Well, let us finish up this scraping saga. As mentioned in the previous post, trying to scrape content using Java. Ended up using two forgiving parsers and a suite of helpers to get an almost there solution. More times than not, almost there and in the way are the chants in Java cult. The parsers are (in the order of my preference)
- TagSoup – worked quite nicely. Implements a SAX Parser and works with invalid markup quite nicely and ultimately one could get a palatable tree to work with.
- jTidy – is an almost there solution, does not do a good job with invalid markup (which is most of the web)
Then one uses a myriad of X* friends in the Javaland to get the work done, be prepared for them not working all the time for all the input, exceptions somewhere deep in their implementation. (Remember the almost there mantra ;-)
- SAX2DOM – Can be used as a ContentHandler for a SAX Parser (TagSoup) and can give us a DOM tree to work with
- XPathAPI – Can be used to jiggle the DOM tree from the previous step
- To Serialize (X)HTML is another matter, try looking up, TransformerFactory.newTransformer(), transformer.transform(..)
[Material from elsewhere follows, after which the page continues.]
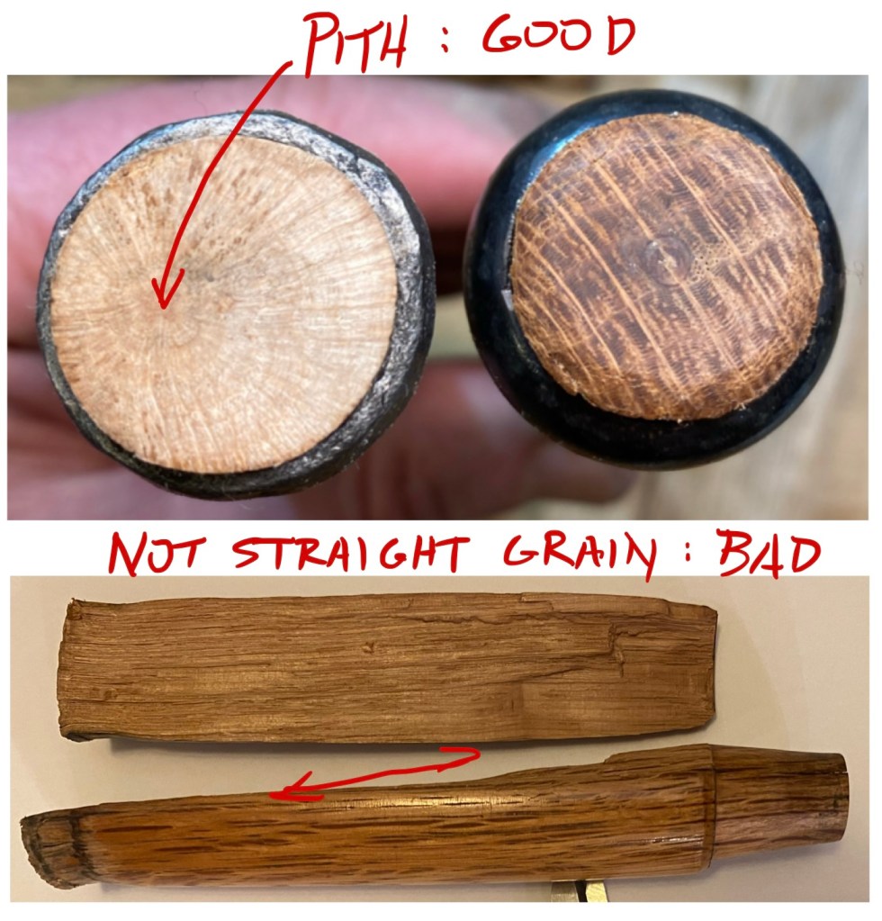 Human interaction with the chisel happens through the handle. Large handles like the Marples make the chisel unbalanced and almost unwieldy in use due to its top-heavy nature. Handles on the Japanese chisels were smaller and made the chisels well-balanced and easier to use. Differences in the handles of the Japanese chisels were more subtle. In some cases, the handles were made by a different craftsman and labeled with their trademark, which in this case was Kanei. Mastumura, Mitsuhiro, Kunikei, and Kikuhiromura brands all had Kanei branded handles. Apparently, branded handles can also vary in quality. The Mitsuhiro chisels have the ideal handle, which is from a branch with the pith in the center. Alternatively, the grain should be straight. Grain runout can lead to failure of the handle, which happened with a 18mm Matsumura chisel.

Another thing I wonder about these Invalid websites is (particularly of large corporations), that they had spent millions of dollars to get where they are now, costly content management systems, complex document workflows, rocket-science weh page/site construction tools, but if only, they validate and take in content altleast somewhat valid (if there is such a thing)
Finally, I would like to close with a Hats off ! to browser vendors, who consume this Manure and produce Milk!